Les magasins concernés par les cessions sont les suivants :

Zone(s) concernée(s) Enseigne Adresse
Levallois-Perret Bio c’ Bon ou Carrefour Bio Bio c’ Bon : 64, rue Rivay et 52, rue Paul Vaillant Couturier Ou Carrefour Bio : 30, rue Gabriel Péri
Nancy Bio c’ Bon ou Carrefour Bio Bio c’ Bon : 37-41 rue Saint Georges Ou Carrefour Bio : 47 rue du faubourg des trois maisons
Paris Cléry Bio c’ Bon Bio c’ Bon : 15 rue de Cléry
Paris Lecourbe et Paris Bourgogne Bio c’ Bon Bio c’ Bon : 18-24 rue Lecourbe
Paris Poteau Bio c’ Bon Bio c’ Bon : 60 rue du Poteau Ou Bio c’ Bon : 229 rue Championnet
Puteaux Bio c’ Bon Bio c’ Bon : 104-112 rue de la République
Toulouse Lion et Toulouse Rémusat Bio c’ Bon Bio c’ Bon : 23 rue des Frères Lion
Toulouse Paul Vidal et Toulouse Rémusat Bio c’ Bon Bio c’ Bon : 7-13 et 35 rue Saint-Jérôme / 13-23 rue Paul Vidal

Qu'est-ce que la dérogation à effet suspensif ?

Si la réalisation effective d'une opération de concentration ne peut intervenir qu'après l'accord de l'Autorité de la concurrence, dans certaines circonstances exceptionnelles, dûment motivées par les parties, l'Autorité peut octroyer une dérogation leur permettant de procéder à la réalisation effective de tout ou partie de l'opération sans attendre la décision d'autorisation et ce afin de permettre la poursuite de l’activité.

L'octroi d'une telle dérogation est, par définition, exceptionnel. Une dérogation peut notamment être accordée dans le cas où des offres de reprise ont été présentées sur des entreprises en liquidation ou redressement judiciaire, comme c’était le cas en l’espèce.

L'octroi d'une dérogation par l'Autorité ne préjuge toutefois en rien de la décision finale prise à l'issue de l'instruction.
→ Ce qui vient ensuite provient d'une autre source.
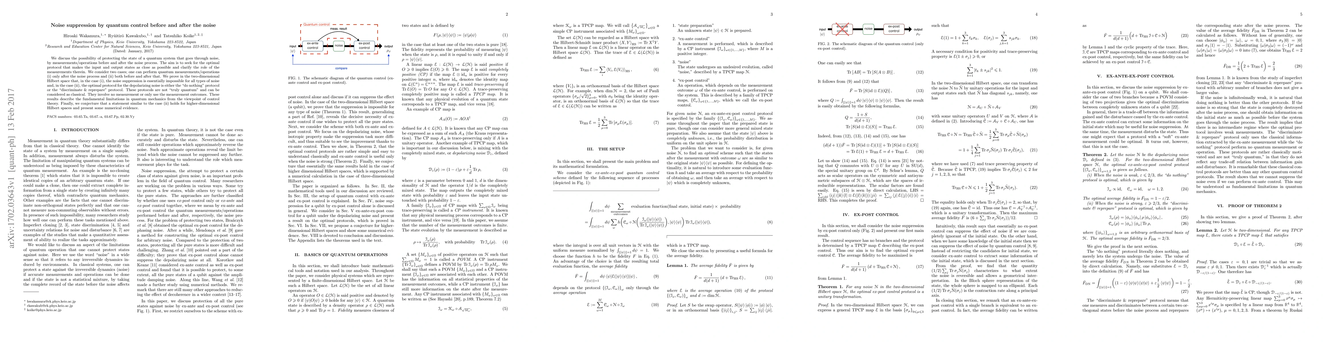 This paper explores quantum control strategies to suppress noise in quantum systems, comparing protocols before and after noise exposure. It finds that noise suppression is impossible post-noise, while pre-and-post-noise protocols for depolarizing noise are classical, not "truly quantum." The study conjectures similar results for higher-dimensional spaces with supporting numerical evidence.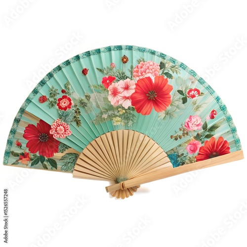 Elegant Teal Floral Hand Fan A Beautiful and Functional Accessory for Summer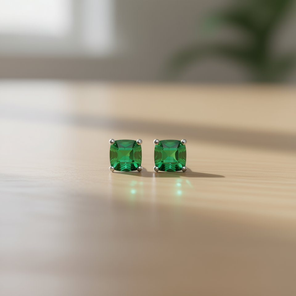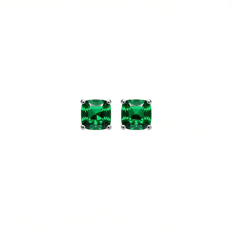 E606 Green Stud Earrings Cushion Cut Geometric Alloy Women's Fashion Jewelry Classic Design Claw Setting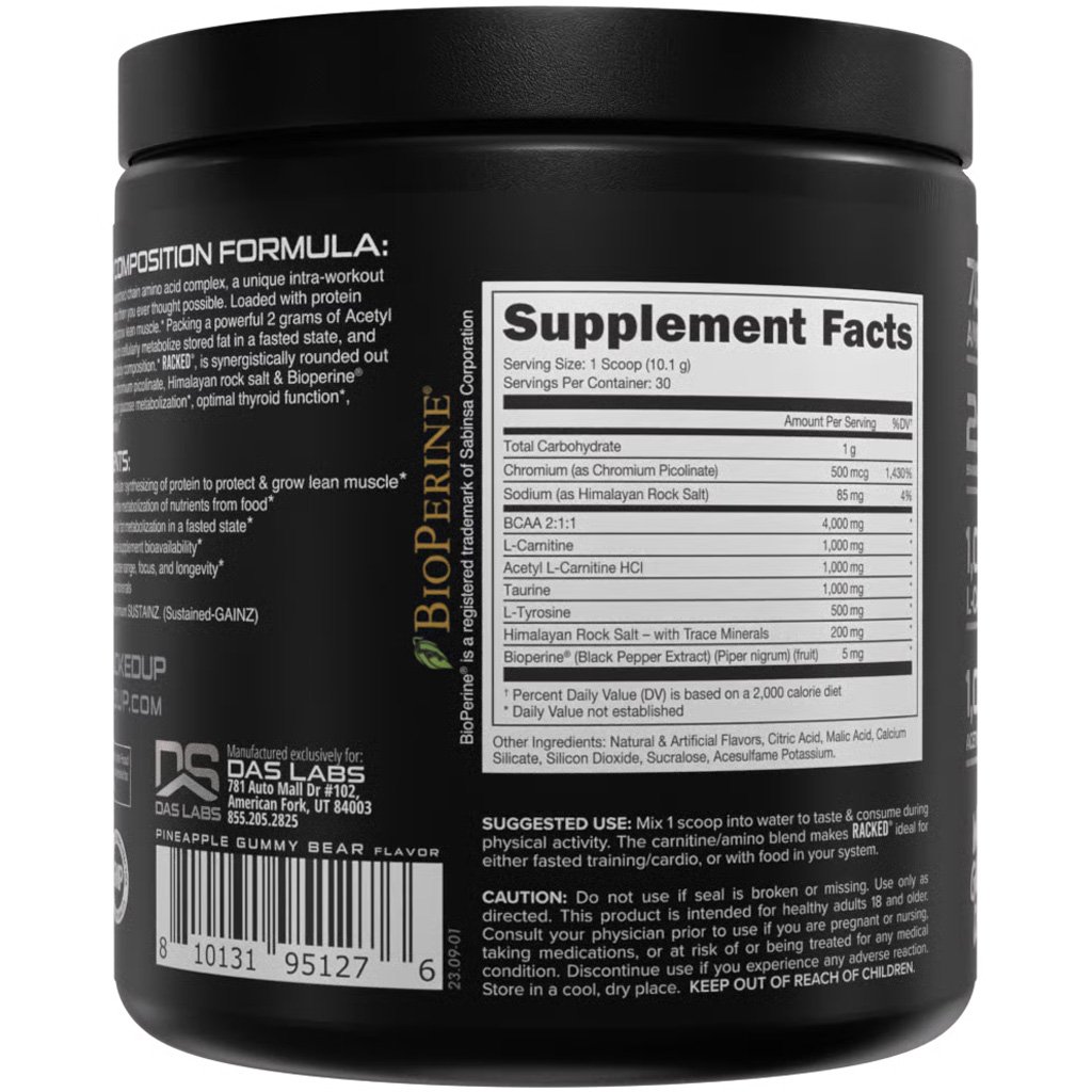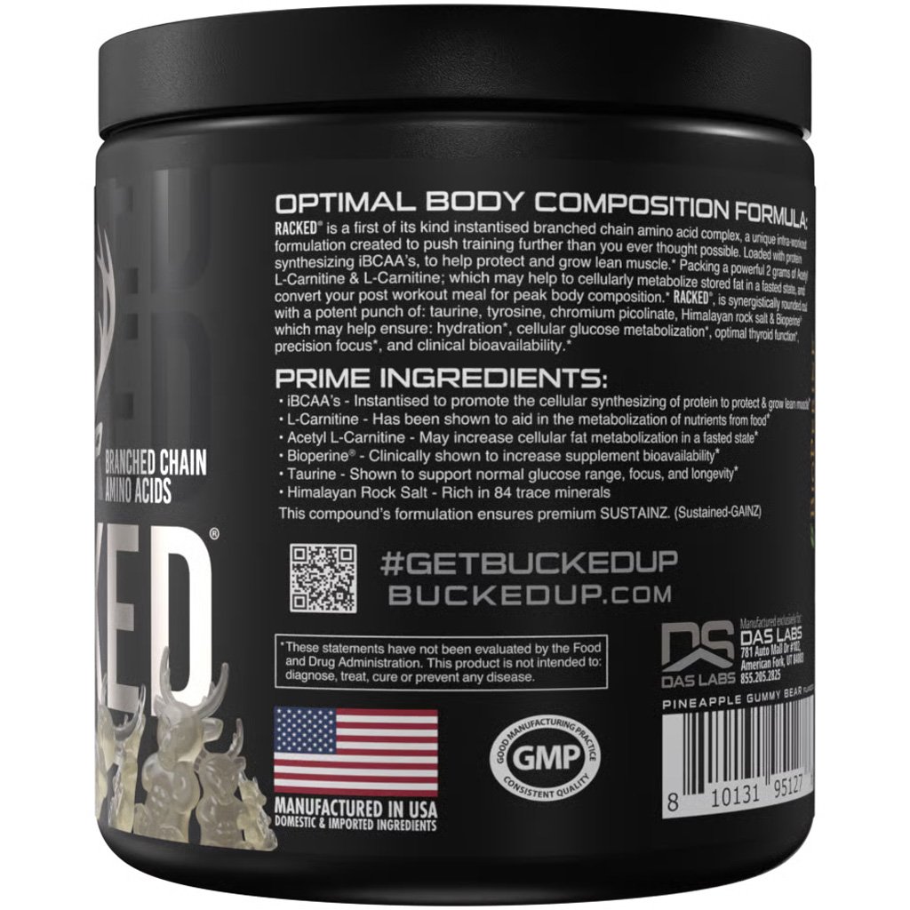 Bucked Up Racked BCAA is a high-performance branched chain amino acid complex designed to enhance muscle growth, recovery, and fat metabolism. Featuring a scientifically supported 2:1:1 ratio of instantized BCAAs, Racked delivers rapid amino support exactly when your muscles need it. This formula is further amplified with clinical doses of L-Carnitine, Acetyl L-Carnitine, and GBB to boost fat oxidation, promote energy, and intensify thermogenic effects?making it a potent fat-burning tool. Additional ingredients like Himalayan sea salt, taurine, tyrosine, and chromium picolinate support hydration, performance, and cellular energy optimization. With 30 delicious servings per tub, Racked BCAA is a powerhouse for athletes aiming to maximize every workout.

Cession de magasins à l’occasion d’une opération de concentration : quels objectifs, quelles modalités ?

Les cessions de magasins qui font l’objet des engagements servent à maintenir un dynamisme suffisant de la concurrence au plan local.

Leur objectif est de permettre la reprise des magasins et de leur activité par une enseigne concurrente afin de maintenir l’animation concurrentielle dans la zone concernée et ainsi garantir aux clients une offre diversifiée en prix et en produits. Le processus de cession de magasins fait l’objet d’un examen attentif par l’Autorité dans les mois qui suivent la décision autorisant l’opération. Le titulaire de l’autorisation doit proposer à l’Autorité des repreneurs qui sont aptes à assurer une reprise dans de bonnes conditions de validité, ces repreneurs devant ensuite exercer une concurrence effective. C’est au terme de l’examen de ces repreneurs qu’un agrément peut être délivré par l’Autorité, ce qui autorisera la cession effective du magasin en cause.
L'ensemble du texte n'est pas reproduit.